Pictures aside, repeat the listing below exactly.

▶ _MATERIAL PROVIDED_:

=== Begin Enclosure ===

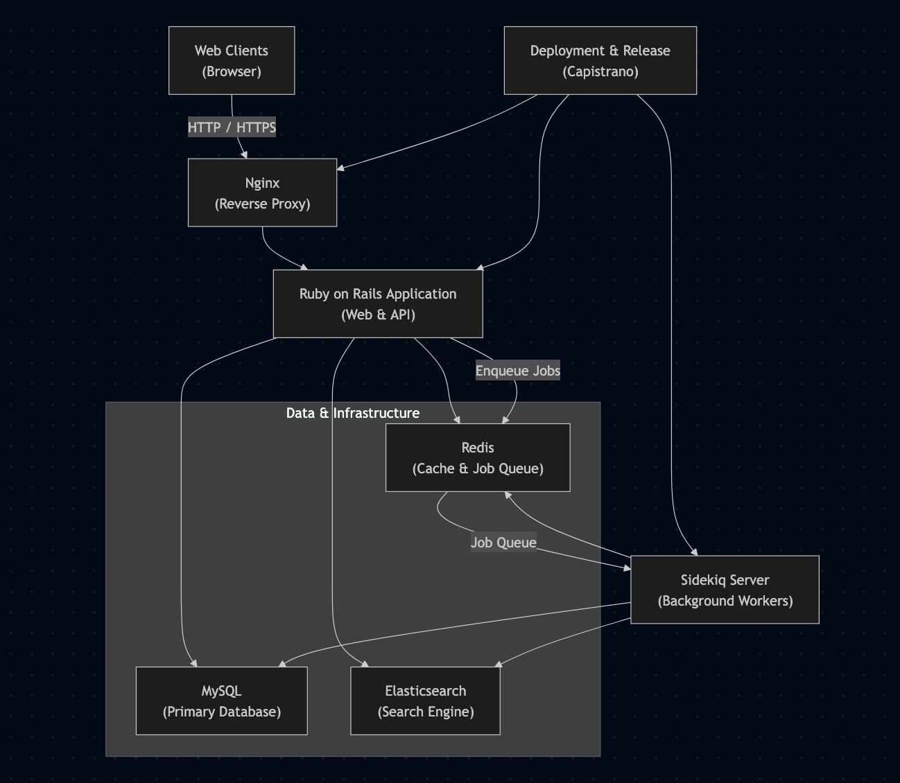 - A dedicated Sidekiq server handled all asynchronous tasks
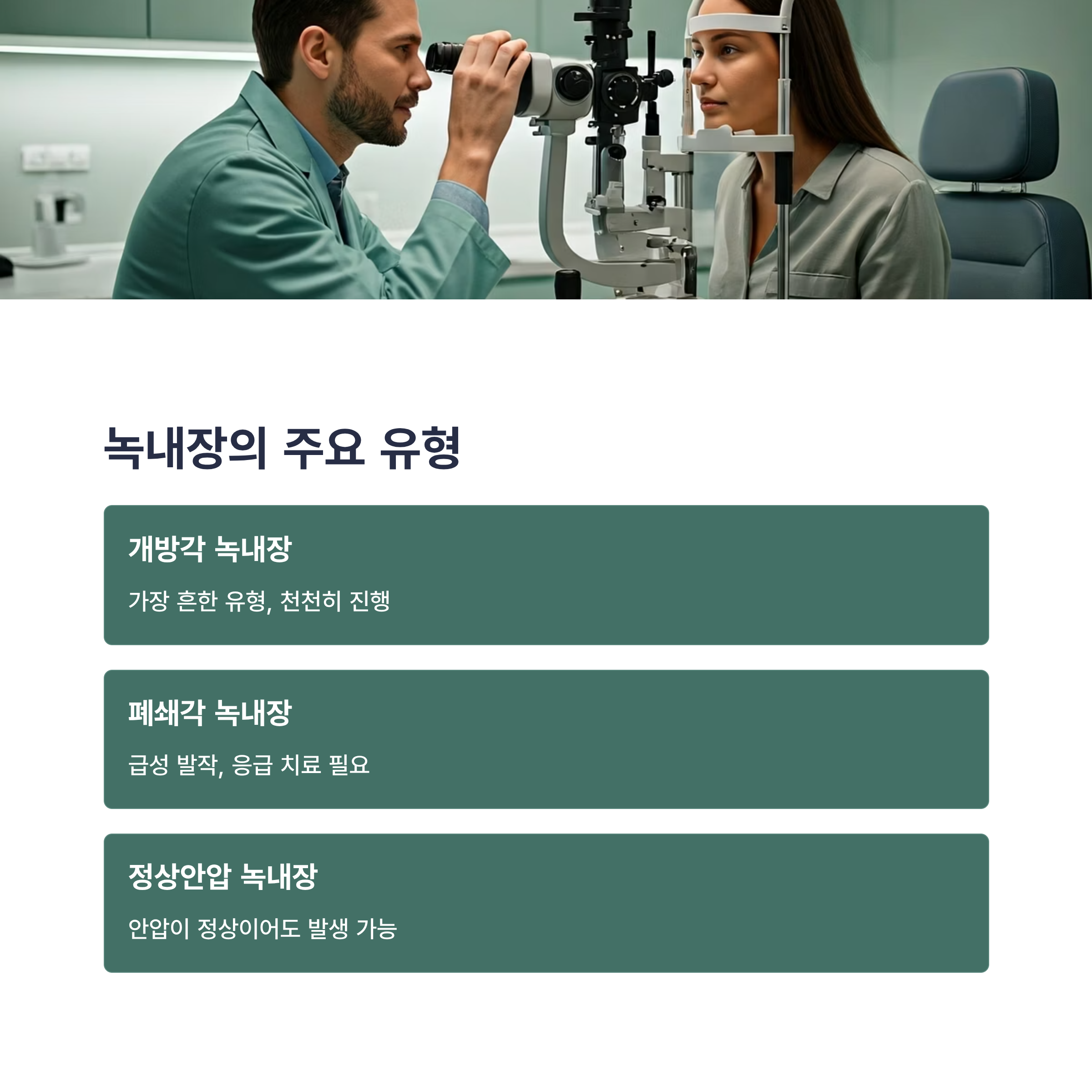 녹내장은 안압 상승이 가장 잘 알려진 원인이지만, 안압 수준과 발병 기전에 따라 여러 유형으로 나뉩니다. 각 유형별 특징을 이해하는 것이 중요해요.
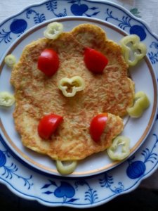 Csüt= 2szelet (100 gr)kenyér, 1db (50 gr) tojás, 2evőkanál olaj, (bundás kenyeret készítünk) 30 gr paradicsom

=== End Enclosure ===

▶ _RESPONSE TO THE EXERCISE_:
 - A dedicated Sidekiq server handled all asynchronous tasks
 녹내장은 안압 상승이 가장 잘 알려진 원인이지만, 안압 수준과 발병 기전에 따라 여러 유형으로 나뉩니다. 각 유형별 특징을 이해하는 것이 중요해요.
 Csüt= 2szelet (100 gr)kenyér, 1db (50 gr) tojás, 2evőkanál olaj, (bundás kenyeret készítünk) 30 gr paradicsom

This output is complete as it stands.